Top-down (memoization): write the recursive solution, add a cache. Natural to write, easier to reason about correctness.

Bottom-up (tabulation): fill a table iteratively from base cases up to the full problem. Often faster (no recursion overhead), better memory behavior.

// Classic example: Fibonacci to illustrate the caching pattern
// Naive recursive: O(2^n) due to recomputation
func fibNaive(n int) int {
    if n <= 1 {
        return n
    }
    return fibNaive(n-1) + fibNaive(n-2)
}

// Top-down with memoization: O(n) time, O(n) space
func fibMemo(n int, memo map[int]int) int {
    if n <= 1 {
        return n
    }
    if v, ok := memo[n]; ok {
        return v
    }
    result := fibMemo(n-1, memo) + fibMemo(n-2, memo)
    memo[n] = result
    return result
}

// Bottom-up tabulation: O(n) time, O(1) space
func fibDP(n int) int {
    if n <= 1 {
        return n
    }
    prev2, prev1 := 0, 1
    for i := 2; i <= n; i++ {
        prev2, prev1 = prev1, prev2+prev1
    }
    return prev1
}

The Fibonacci example is toy. The real value is recognizing when your production code is doing the same unnecessary recomputation.

When You Need It

Signs that DP applies:

  • A recursive function that could be called with the same arguments from multiple paths
  • “What is the minimum/maximum cost to achieve X?” questions
  • “How many ways can X be done?” questions
  • Any problem where you are choosing among options and choices affect future options

In production systems, DP tends to appear in:

  • Pricing and discount engines: apply the best combination of discounts to an order
  • Scheduling: assign jobs to time slots minimizing cost
  • Text processing: spell correction, fuzzy matching, diff computation
  • Resource allocation: fit tasks into capacity optimally
  • Route planning with constraints: shortest path with additional conditions
// Edit distance (Levenshtein) — used in spell check, fuzzy search, diff tools
// Answers: minimum single-character edits (insert, delete, replace) to transform s into t
func editDistance(s, t string) int {
    m, n := len(s), len(t)
    // dp[i][j] = edit distance between s[:i] and t[:j]
    dp := make([][]int, m+1)
    for i := range dp {
        dp[i] = make([]int, n+1)
    }
    // Base cases: transform empty string to prefix of t (all inserts)
    for j := 0; j <= n; j++ {
        dp[0][j] = j
    }
    // Base cases: transform prefix of s to empty string (all deletes)
    for i := 0; i <= m; i++ {
        dp[i][0] = i
    }
    for i := 1; i <= m; i++ {
        for j := 1; j <= n; j++ {
            if s[i-1] == t[j-1] {
                dp[i][j] = dp[i-1][j-1] // no edit needed
            } else {
                dp[i][j] = 1 + min(
                    dp[i-1][j],   // delete from s
                    dp[i][j-1],   // insert into s
                    dp[i-1][j-1], // replace in s
                )
            }
        }
    }
    return dp[m][n]
}

func min(a, b, c int) int {
    if a < b {
        if a < c {
            return a
        }
        return c
    }
    if b < c {
        return b
    }
    return c
}

Production Example

A tiered discount engine needed to apply the best combination of discount rules to a shopping cart. Rules had types: percentage off, fixed amount off, and “buy N get M free.” They could not always all be combined — some were mutually exclusive. The goal was to maximize customer savings while respecting constraints.

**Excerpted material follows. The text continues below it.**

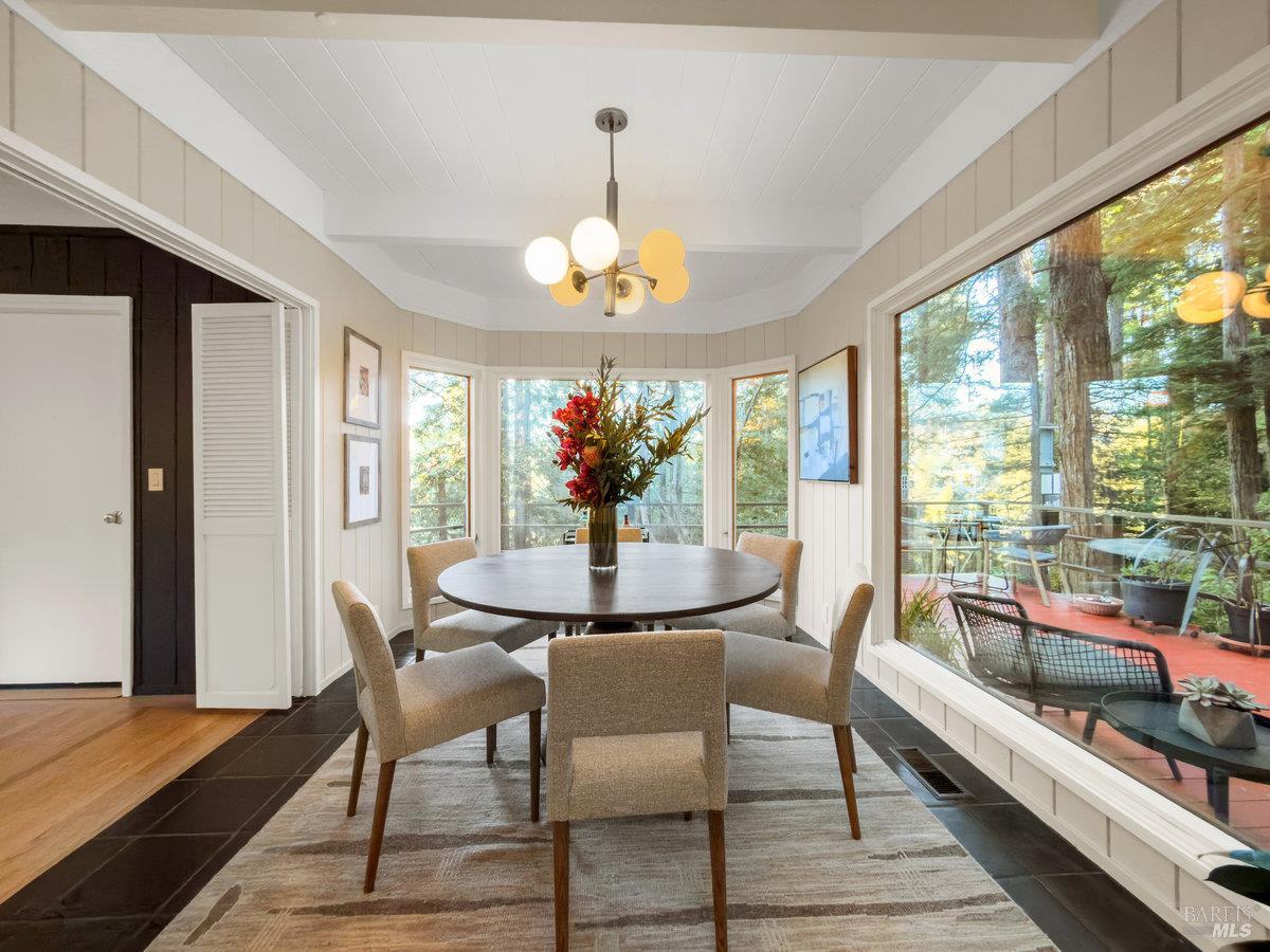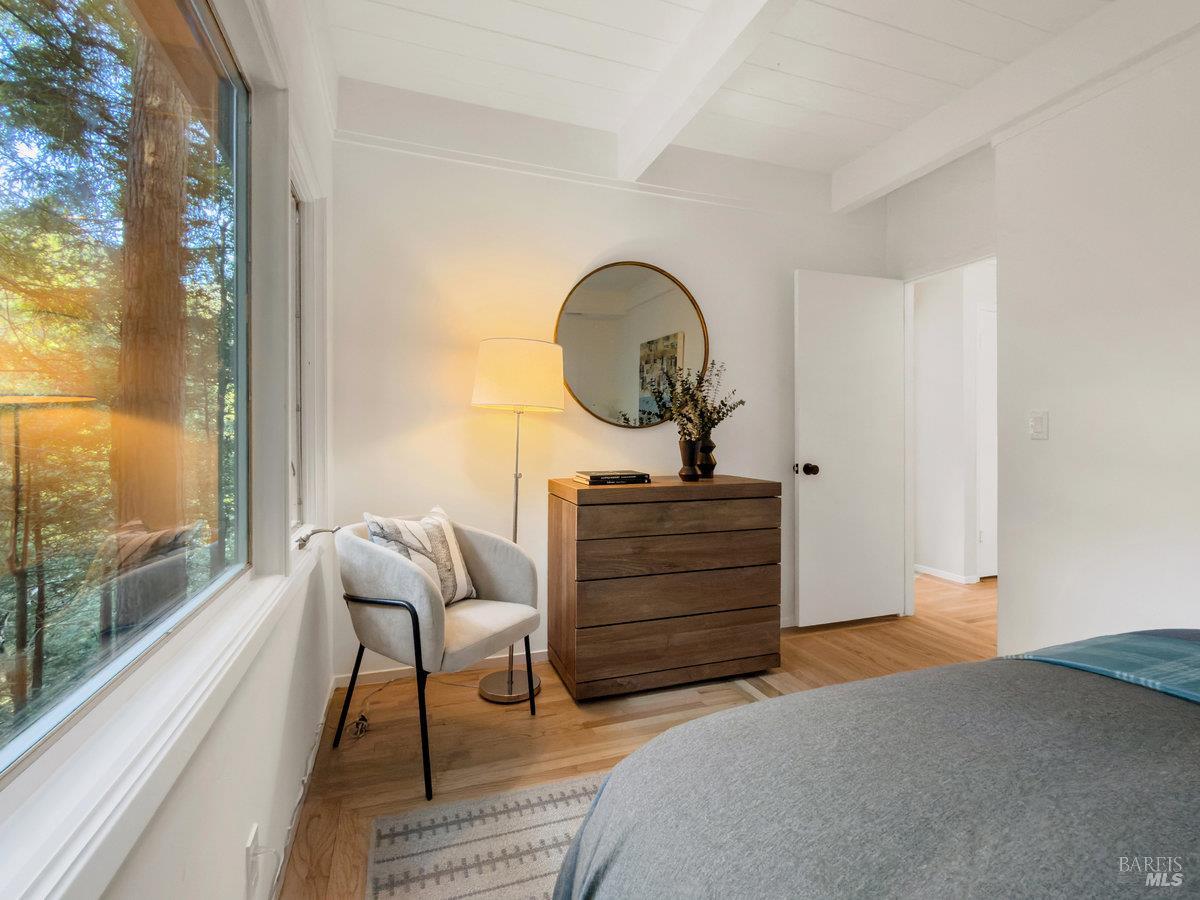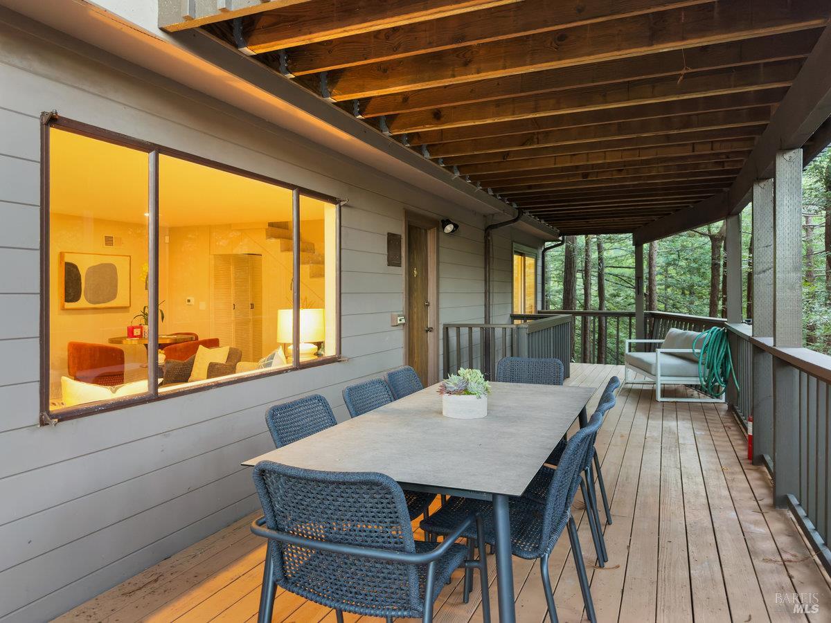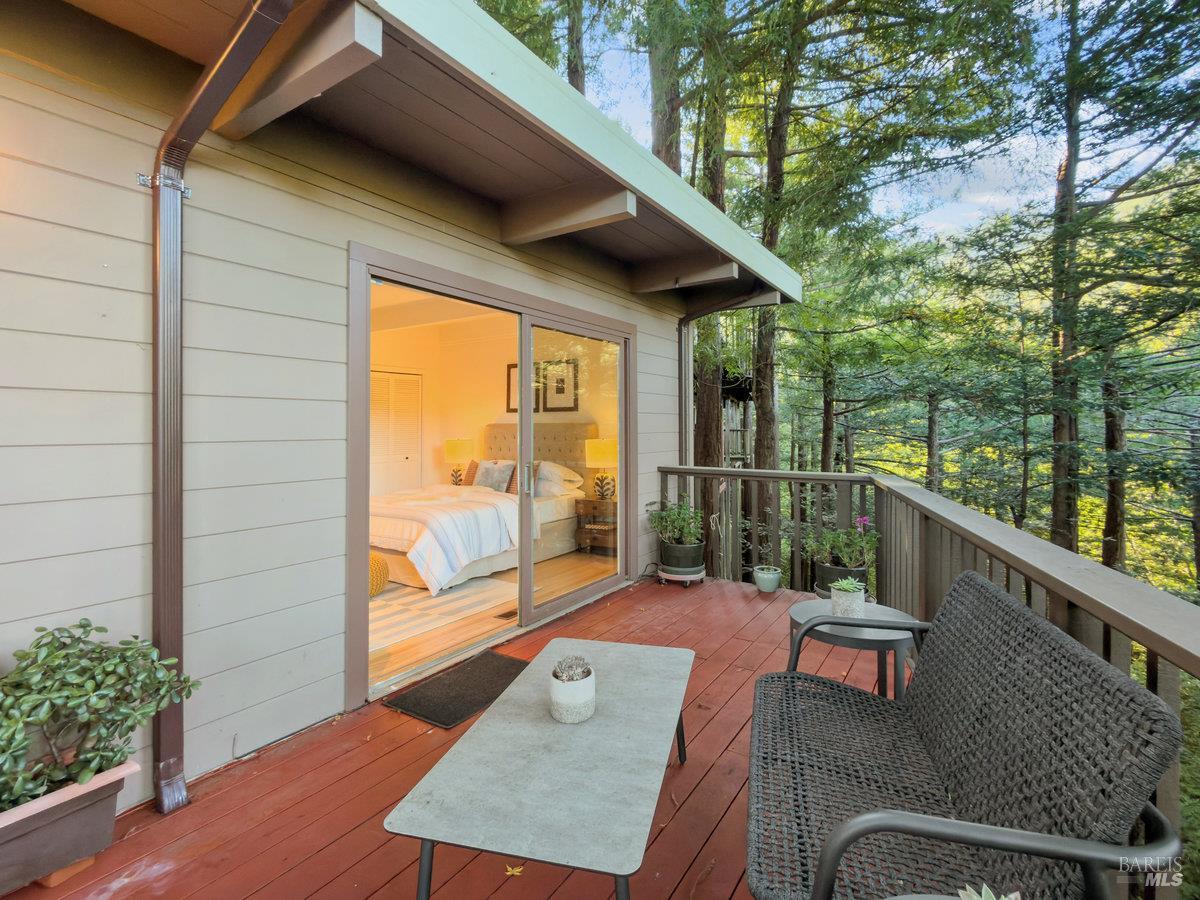 Architecturally distinctive 3BD/2BA residence on a rare street-to-street lot in stunning Mill Valley location. Main level features vaulted ceilings, skylights, wood floors, fireplace, adjacent living/dining flow, and updated kitchen. Large windows and glass doors frame serene redwood trees and mature garden views, providing abundant natural light and a strong connection to the surrounding landscape. French doors open to expansive wraparound decks ideal for indoor-outdoor living. The lower level includes den with wet bar, 3rd bedroom, full bath, and vintage sauna, direct access to additional deck ideal for in-law, guest, au pair, or possible primary suite. Meandering garden paths, custom recirculating stream and waterfall, exceptional privacy. Meticulously maintained with opportunity for personalization. Close to downtown, schools, trails.

This is the knapsack problem — a classic DP application.

type DiscountRule struct {
    ID          string
    Description string
    Savings     float64
    ExcludesWith []string // rule IDs this cannot combine with
}

// Maximum savings from non-conflicting rules
// This is a variant of the weighted independent set problem
func maxSavings(rules []DiscountRule) float64 {
    n := len(rules)
    // Build conflict map
    conflicts := make(map[string]map[string]bool)
    for _, r := range rules {
        conflicts[r.ID] = make(map[string]bool)
        for _, excl := range r.ExcludesWith {
            conflicts[r.ID][excl] = true
        }
    }

    // dp[mask] = max savings achievable with the subset of rules indicated by mask
    dp := make([]float64, 1<<n)
    chosen := make([][]int, 1<<n) // track which rules were chosen

    for mask := 1; mask < (1 << n); mask++ {
        // Try adding each rule to smaller subsets
        for i := 0; i < n; i++ {
            if mask&(1<<i) == 0 {
                continue
            }
            subMask := mask ^ (1 << i)
            // Check if rule i conflicts with any rule already in subMask
            valid := true
            for j := 0; j < n; j++ {
                if subMask&(1<<j) != 0 && conflicts[rules[i].ID][rules[j].ID] {
                    valid = false
                    break
                }
            }
            if valid {
                candidate := dp[subMask] + rules[i].Savings
                if candidate > dp[mask] {
                    dp[mask] = candidate
                    chosen[mask] = append(chosen[subMask], i)
                }
            }
        }
    }

    best := 0.0
    for mask := 1; mask < (1 << n); mask++ {
        if dp[mask] > best {
            best = dp[mask]
        }
    }
    return best
}

For small rule counts (up to ~20 rules), the bitmask DP approach is clean and fast. For larger rule sets, a greedy approximation or integer programming solver is more appropriate — the exponential space becomes impractical past around 25 rules.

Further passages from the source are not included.